The idea I get from this poem is that Heaney is talking about the cycle of life. At frist he talks about the blackberries taking in nutrients of the environment and growing and ripening. at the start of the second verse he mentions 'A rat-grey fungus' and then right at the end he says 'Each year I hoped they'd keep, knew they would not'. This part of the poem is upsetting and he even says he felt like crying. In terms of the life cycle this suggests that everything is nice in the beginning but twhen things begin to get older they become less like what they started out to be and also that time moves on and things arent always going to be around.
In the second poem- 'Death Of A Naturalist'- Heaney uses nature very strongly again. He has set this one right in the heart of nature. You can tell this as you read to the end of his first verse. He mentions things like a pond, blue bottle flies, butterflies and flax, which is uses to make linen.
Heaney uses simple language in his first verse. This gives the reader an impression that it is written from the perspective of a young child who is viewing everything. He alos uses onomatopoeia with words like 'slobber', 'slap' and 'plop'. These all help with the imagery; making the reader feel like he/she is there. Heaney also emphasises the child's perspective in the lines 'Miss Walls would tell us.......and this was the frog spawn'. In these lines there is no punctuation so it seems rushed as if a child is all excited and wants to tell it because it is important.
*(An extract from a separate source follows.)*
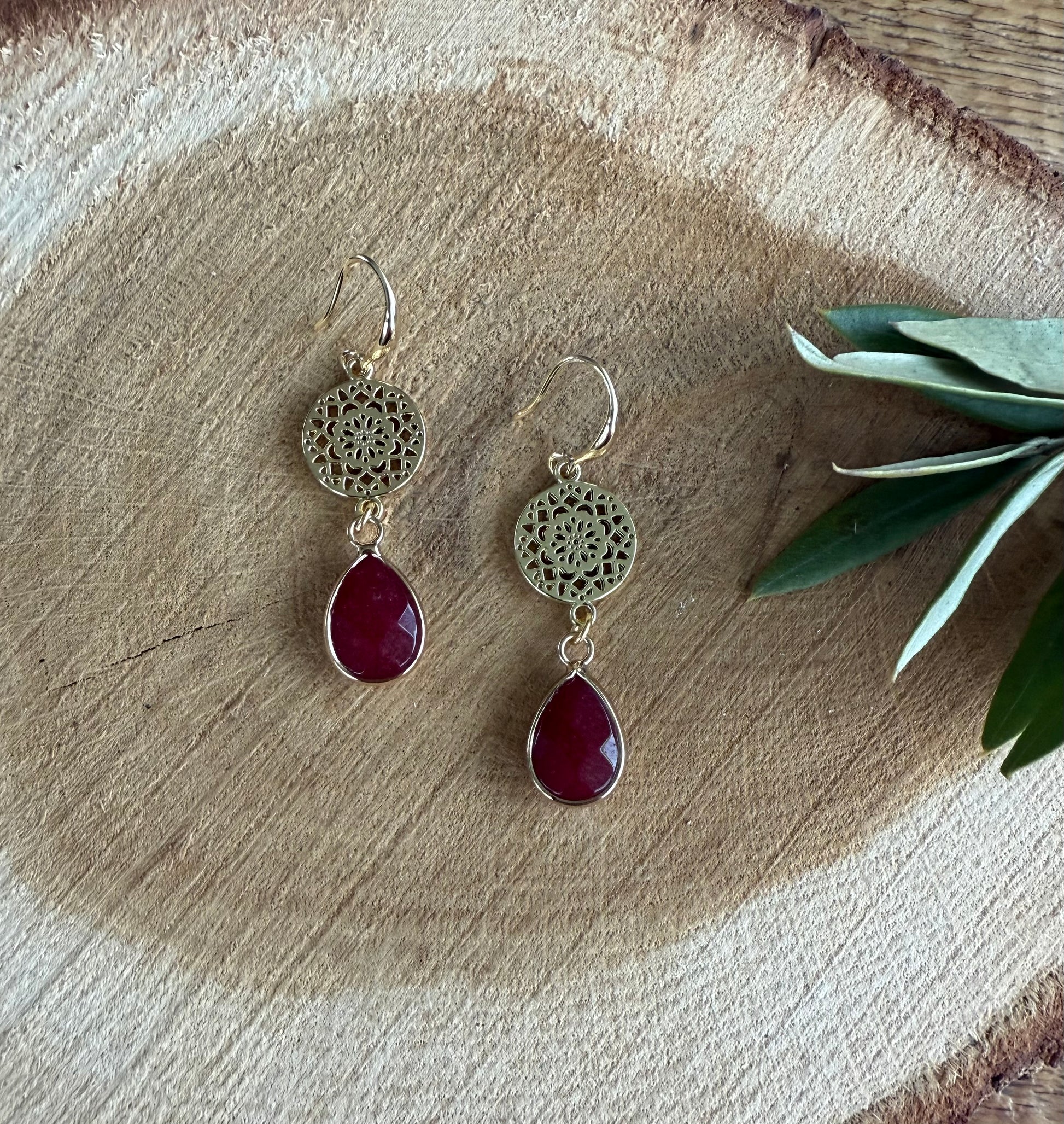 Kleine bordeauxrode natuursteen druppel aan ronde connector

In the first verse Heaney makes you see what he is writing. He includes things like 'Frog spawn grew like clotted water'. Another simile he uses in this verse is 'Bluebottles wove a strong gauze of sound around the smell' The effect this gives me is that the flies are gathering round a smell and the sound they are making is loud. Normally single flie doesnt make a lot of noise but Heaney shows that a lot of flies makes a strond sound. Again in the second verse he uses similies and metaphors. An example of both would be 'Poised liek mud grenades' as a simile. The image this gives the reader is that the frogs are sitting on lillies, still, like little grenades; and 'Air was thick with a base chorus' as a metaphor. This conveys an image of a big wall of a long, deep sound made by the frogs. The image I get in my head is over a foggy area with a swamp and this very deep sound coming from out of no-where.
The big idea that i get from reading this poem is that there is a movement from the first verse to the second verse that charts the movement from innocence to experiance. it shows that there is a growing-up stage we all go through. it also tells me that life isn't as simple as you may think when you're young. things are always seen differently when you are a child but when u grow up and begin to learn about what you thought were innocent things, you begin to feel life isn't as easy as you had originally thought.